Sunday, June 1, 2008

After my internet session and after the 10th inning of the Sox Orioles game, Randal came back from getting a shave. It was his turn with the computer so I went off to the town center. It is just about a half mile walk along the main road that curves and goes down the hill to the row of shops and activity. I stopped in one of the little office/school supply shops for a notebook. I have decided to go back to keeping a paper journal; power and wifi being iffy. Just a pen and sunlight are needed for that and no power crashes can lose everything you just struggled to write. There is just something more fun about pen and paper anyway. I ended up buying 3 smallish notebooks for a total of 67 pesos. The last time we checked in Sabang it was about 43.20 peso to the dollar. It has gone up a tad. Not much money to us, but I thought that it would be a luxury to some school kids here to have more than one. Not that most of the kids look “poor.” They all seem energetic and happy and just the right size. Filipino women are my height or shorter than I am. None of them seems to weigh even 100 lbs. I stopped to try on a top the other day and it needed about another half yard of material to fit me. First the adorable “small” Muslim woman said it fit because it was “an extra large.” Then she told me leaving half of my top half uncovered was the style. Not my style…. I was trying it on over a tank top so maybe that was the problem. Maybe I’ll get one for when we are making a passage and there will be no one to see anyway.

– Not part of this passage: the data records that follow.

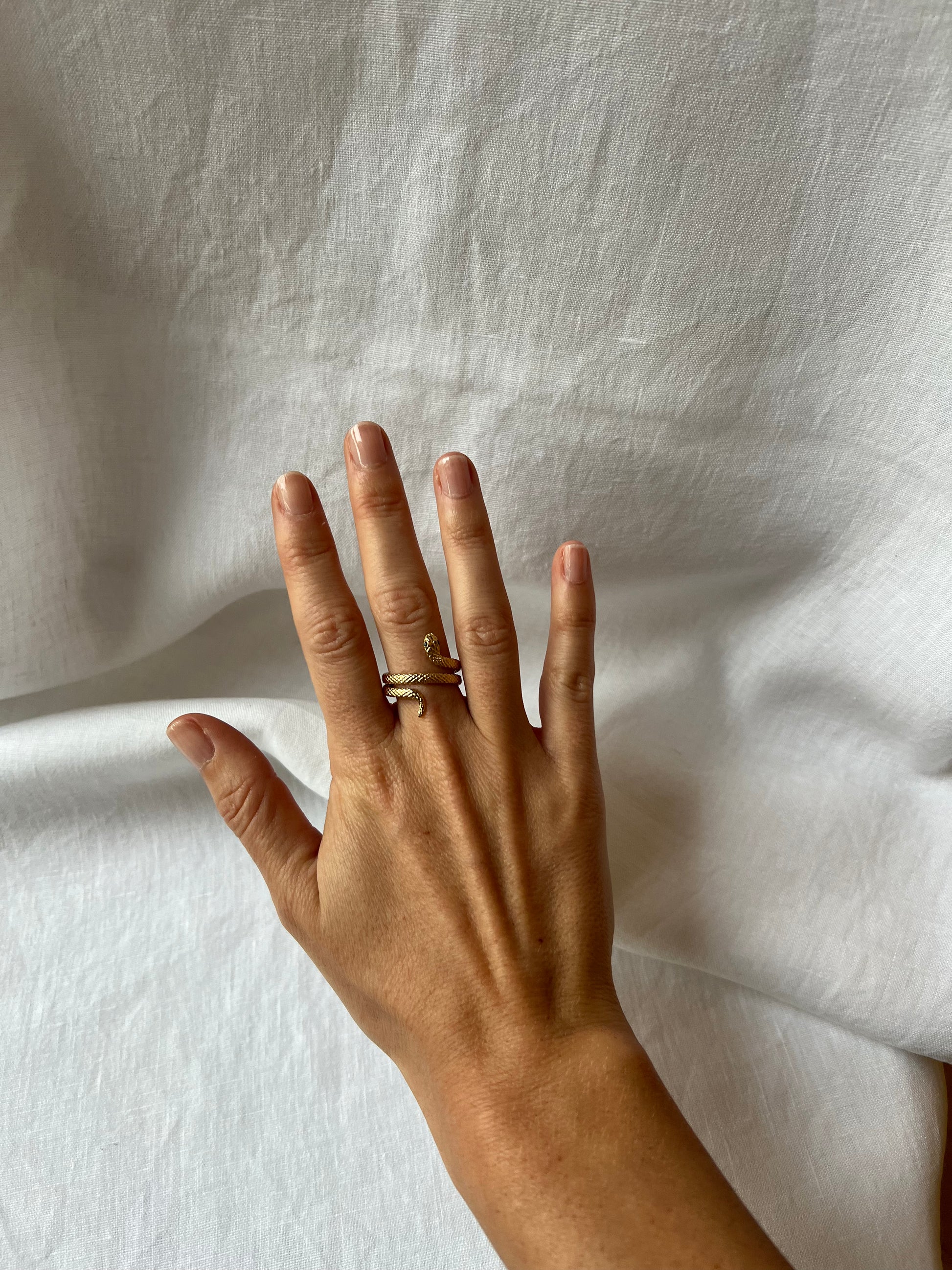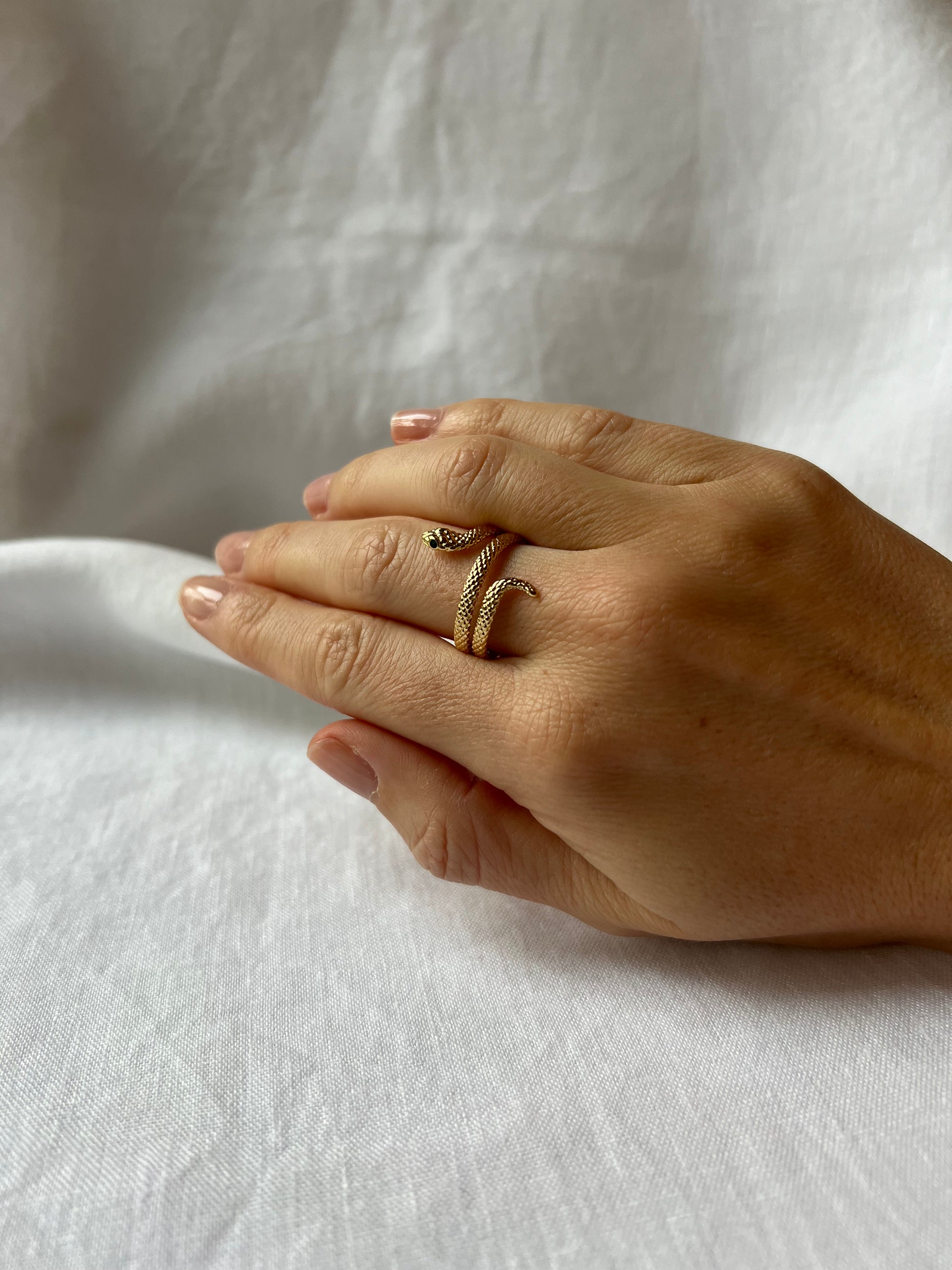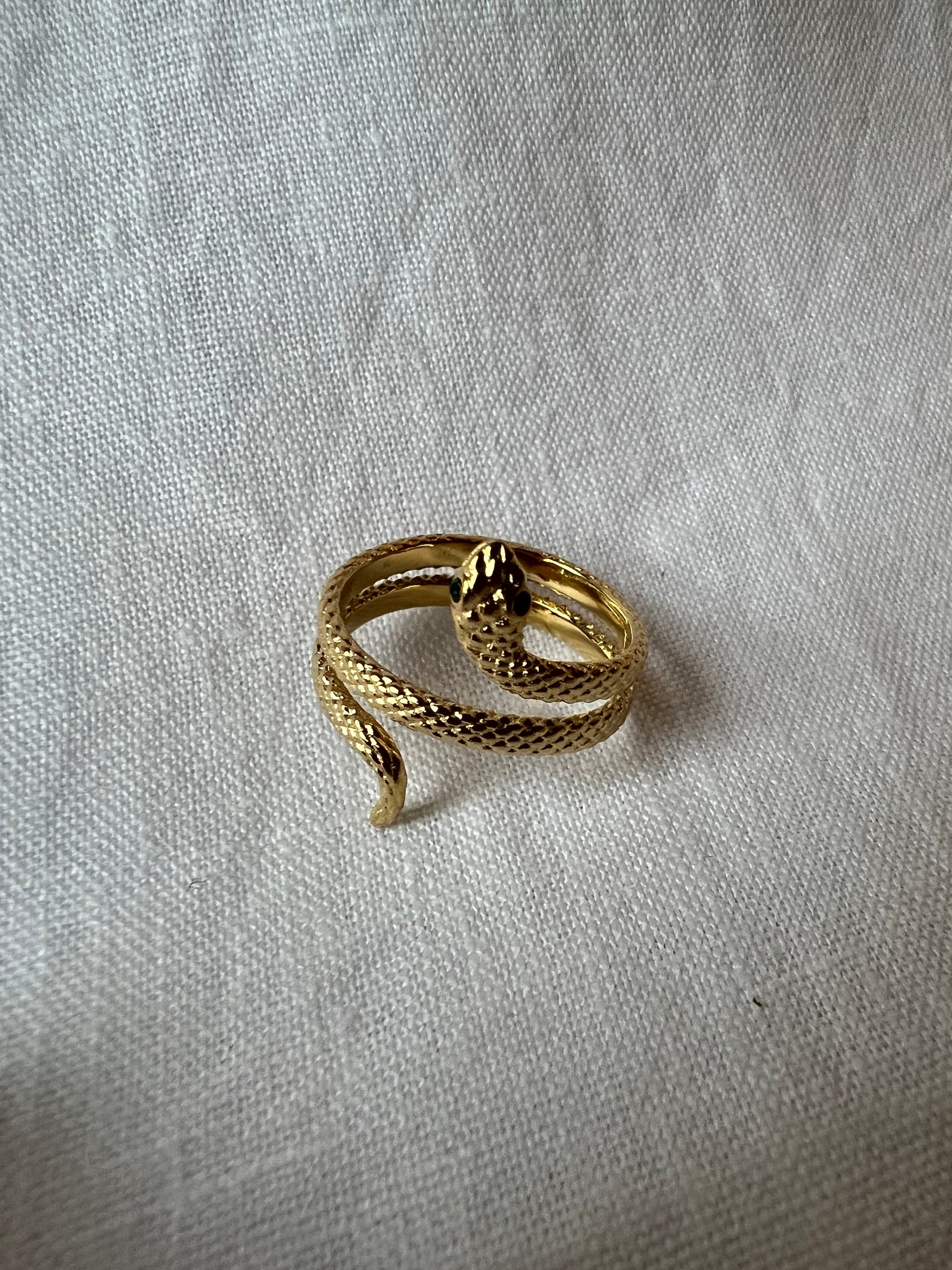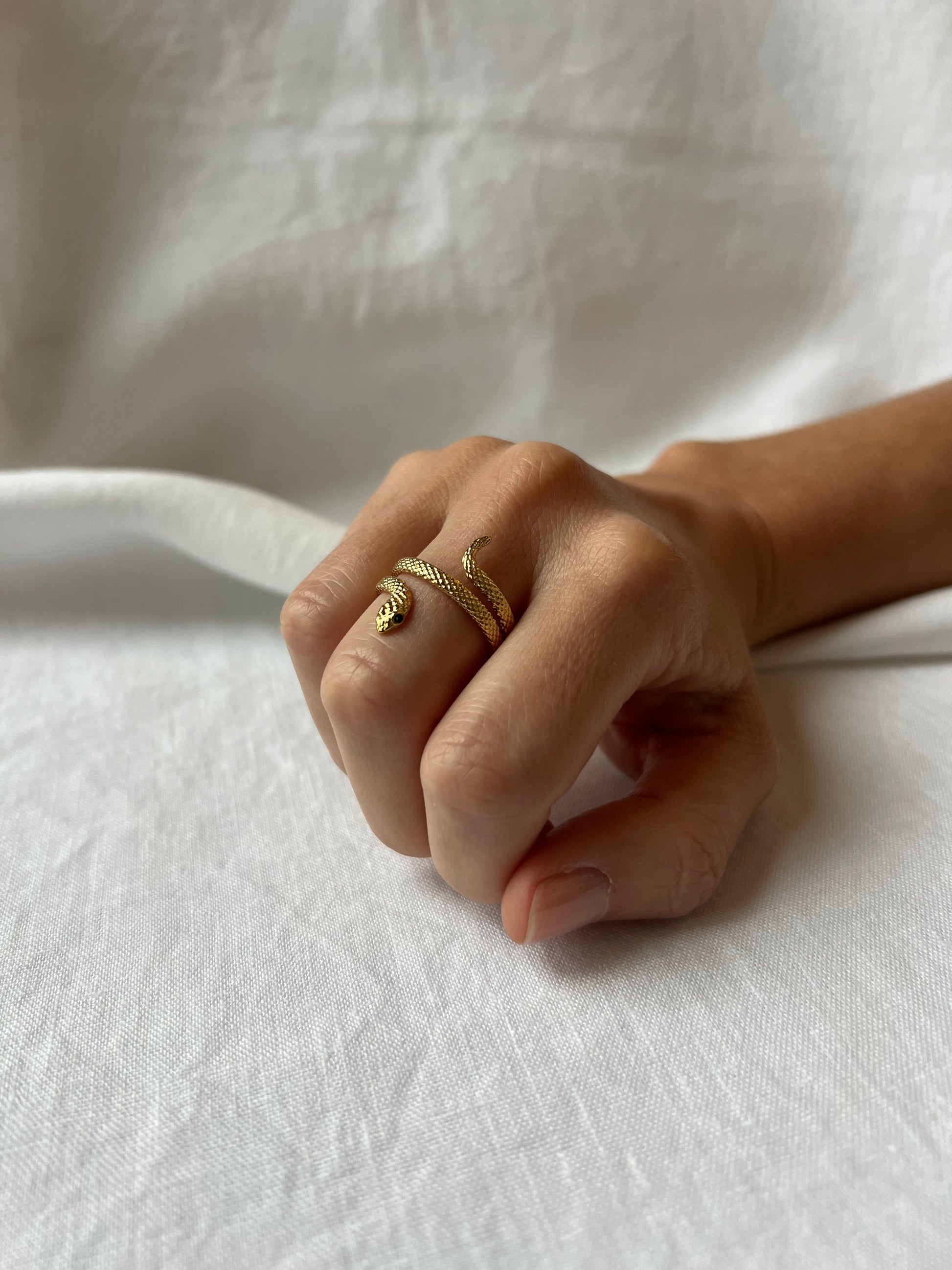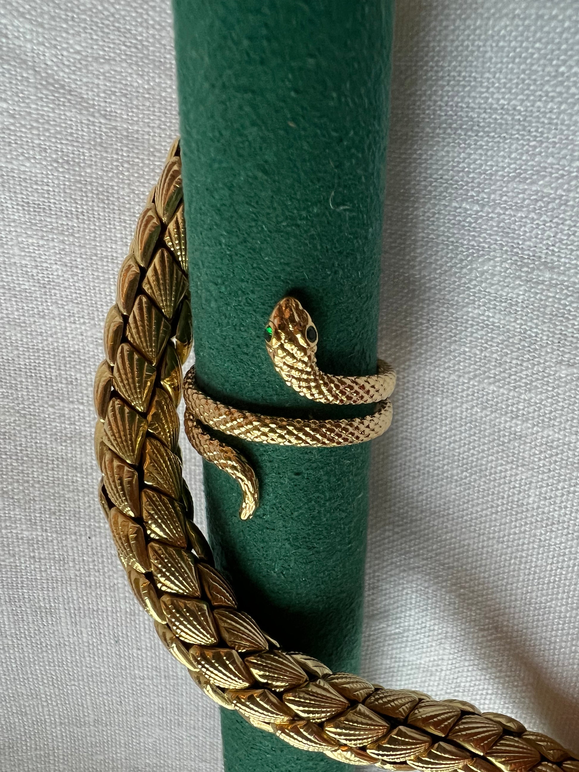 Fine création puisant sa légèreté dans ce motif déjà utilisé dans l’Egypte ancienne. Ce serpent aux yeux verts vous charmera.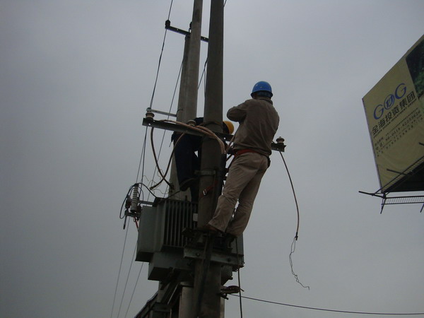 随着开发园区基础建设逐步推进,园区内配电工程量呈现平缓下降趋势,该所响应公司号召,积极开拓园区内企业电力外包服务业务;他们努力转变服务作风,完善服务职能,为用户提供高效优质服务,并主动与开发区工业园区内的企业进行联系,扩大服务门路,想方设法拓展供电区域。目前,该所已发展长期上门电力服务企业10家,实现服务费收入二十余万元。图为台北供电所职工正在为金海投资集团公司进行线路维护服务(李吉成)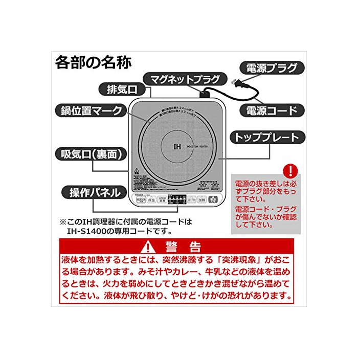 원본상품명: 山善(YAMAZEN) 1400W IH調理器 IHクッキングヒ?タ? IH-S1400
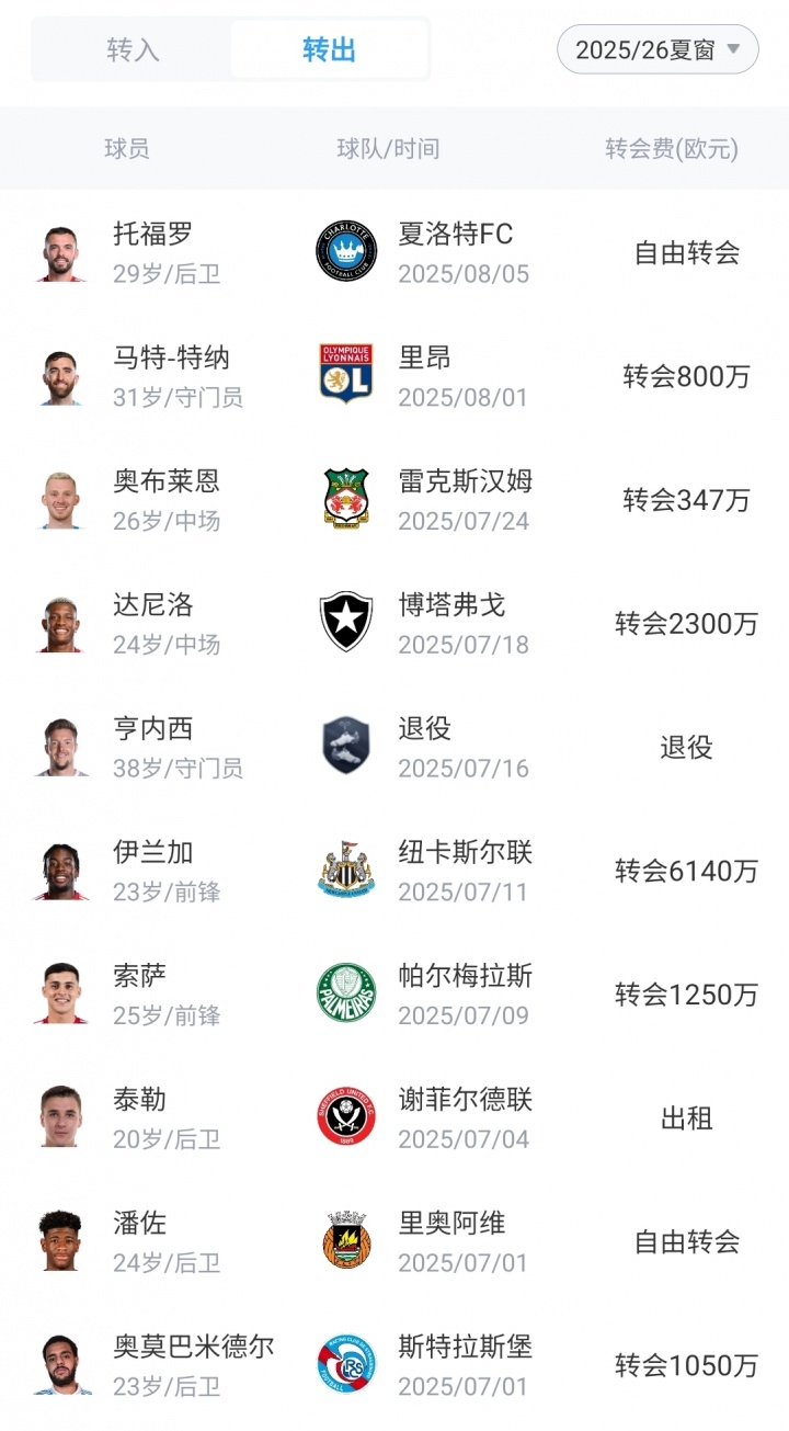 诺丁汉森林今夏卖人(总计1.1887亿欧)↓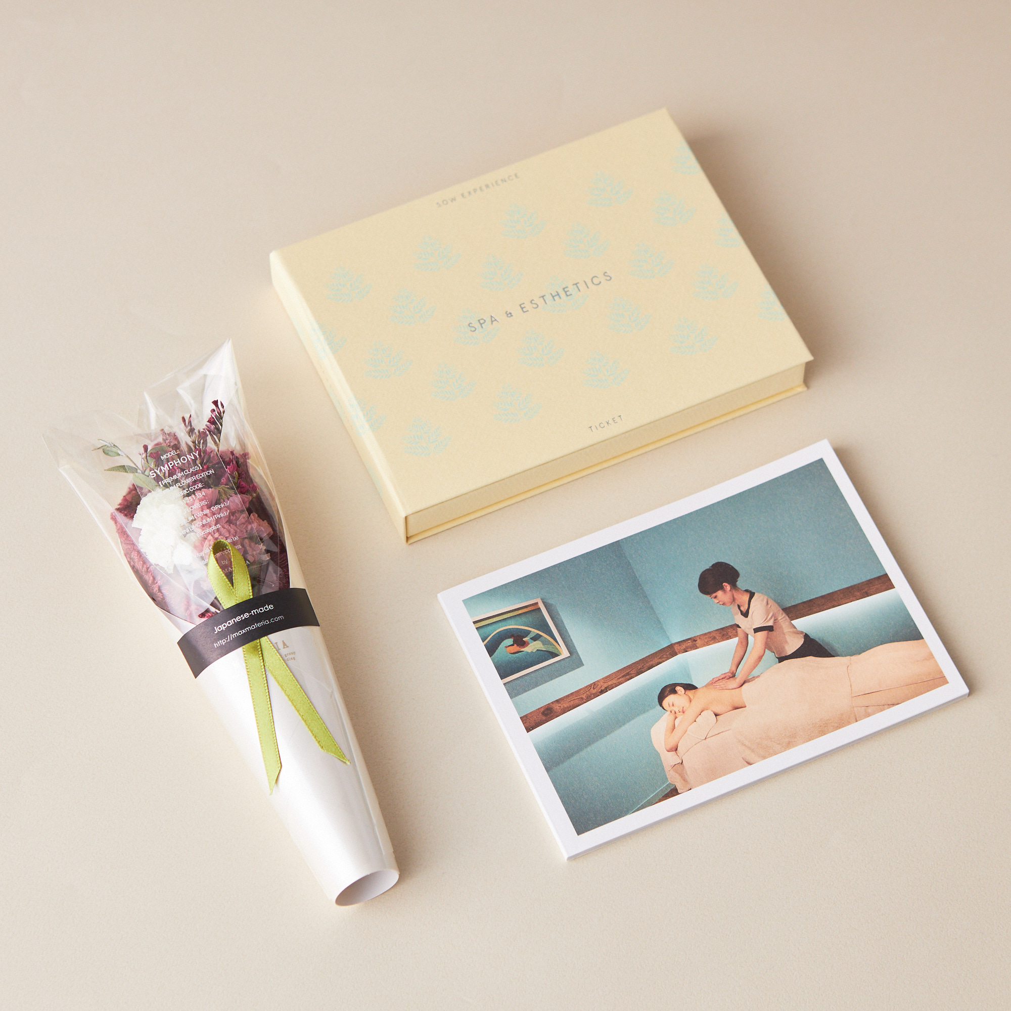 癒しの時間をプレゼントできる個室スパ・エステチケットと花束ハンドタオルのセットです。「個室スパ&エステチケット」は、「東京・神奈川・長野」で人気のサロンのスパ・エステ体験ができます。忙しい日常から少し離れて、大都市にいながら自分を大切にする、ゆったりと流れる時間を過ごしませんか。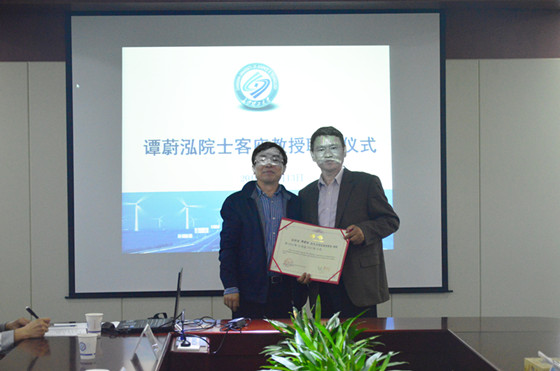 赖明勇校长为谭蔚泓院士颁发了客座教授聘书。谭院士发言说,很高兴成为太阳成集团tyc122cc入口的一员,对学校的盛情相邀表示感谢,表示受聘后一定履行客座教授的职责。谭院士特别提到和太阳成集团tyc122cc入口颇有渊源,赖明勇校长曾为他在湖大工作时期的领导,化学与生物工程学院杨荣华院长曾是他重点实验室的杰出骨干,谭院士夫人曾在后来并入太阳成集团tyc122cc入口的轻专任职,他幽默地表示无论从哪一个角度来说,都要为太阳成集团tyc122cc入口化学学院的发展尽心尽力,为太阳成集团tyc122cc入口“双一流”建设和化学学科进步与发展贡献力量。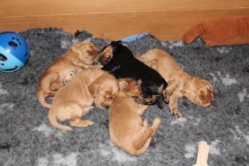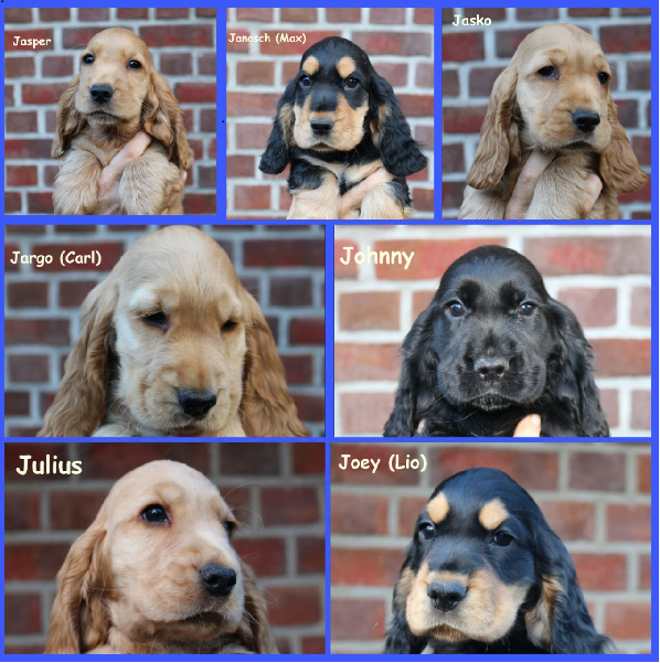 http://www.cocker-vom-tegelbusch.de/ | 7 Rüden rot, schwarz, schwarz mit loh geboren am 10.08.2017 |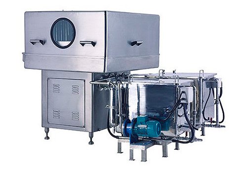 Полуавтоматическая моечная система сочетает функции мойки вращающимися и стационарными форсунками. Производительность значительно увеличена за счет непрерывного процесса загрузки, мойки, сушки и выгрузки. Т.е., простои исключены. Скорость вращения ротора с форсунками плавно регулируется специальным блоком. Машина отвечает текущим требованиям GMP.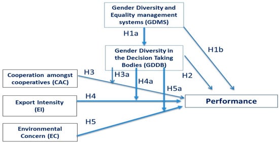 In view of this reality, this paper aims firstly to analyse the effectiveness of gender diversity and equality management systems (GDMS) in promoting gender diversity in the decision-making bodies of cooperatives (in terms of the percentage of women in them) as well as in the performance of the cooperatives. Secondly, the objective is to establish the relationship between GDDB and performance, and subsequently, to analyse the moderating effect of GDDB on three of the business strategies adopted by cooperatives in order to achieve competitive advantages and improve their performance: The first of these is the development of integration strategies through partnerships with other cooperatives to create larger organisations. The second is companies’ internationalisation strategies, through which they expand their markets and potential customers, and finally their environmental strategies, in this case, via cooperatives’ commitment to organic production. Along these lines, we argue that in cooperatives with GDDB, the effects of intercooperation, internationalisation, and environmental concern on performance are strengthened. Our analyses have controlled for the effects of organisational size and organisation type, as both factors have an influence on performance.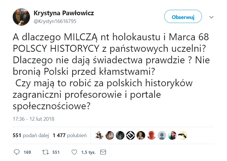 Posłanka PiS zapytała na Twitterze, dlaczego historycy milczą na temat holocaustu i Marca 68'. Z parlamentarzystką zgadza się szef poznańskiego Akademickiego Klubu Obywatelskiego, Stanisław Mikołajczak.

At the small supermarket I bought some more amoxicillin, no prescription needed. Randal is taking it for his ear infection. One does tend to self medicate when cruising. Especially on a long 5 to 15 day passage, there is no other choice. He is improving and the swelling on the side of his face is going down. But still no diving today either. I bought some Ritz like crackers and some other cracker that resembles a saltine and some brown bread. It was bread delivery day so it was available. Since it is the off season, bread and yogurt don’t disappear in 20 minutes from being shelved. And the market isles were not jammed packed. Last December, between the heat and the crowds it was quite awful to shop. And truly hard to find bread. I headed back to the pier stopping to find where the post office was located. It was closed with no hours posted. I’ll have to check during the week. As I was walking, I spotted the most pathetic dog. Its hips were rubbed raw and it was very thin. I thought, no pretty scenery or inexpensive trinkets or moorings can make up for how sadly the dogs and cats are treated. They aren’t mistreated, but totally neglected if they are strays. There is no neutering so lots of unwanted pets. Not that there are roving packs of animals. I am afraid to think why that might be. But just too many mangy skinny looking dogs and cats. It puts me off. I couldn’t think of how to rescue the poor dog; we can’t possibly take an animal. So I walked back to the pier and found Randal still on the computer. I left him there, stopped at Brettos for yogurt and caught the service boat back to DoraMac. I finished my painting and wrote in my new journal. When Randal returned it was time for mango shakes. I also started cooking vegetable soup, the best way I know to use vegetables before they can go bad. I even threw in a half cup of rice that cooked as the soup simmered. Pretty good stuff, and healthy!

Jan from south of Copenhagen stopped to visit about sunset. Randal met Jan at the Classic Club Thursday. Jan is an experience diver so after a tour of DoraMac, we talked diving for a bit. Then Jan was off to his boat and Randal and I tested the veggie soup. By 8:30 Randal was off to sleep and I read for a bit more. By 9pm I was ready to call it a day too.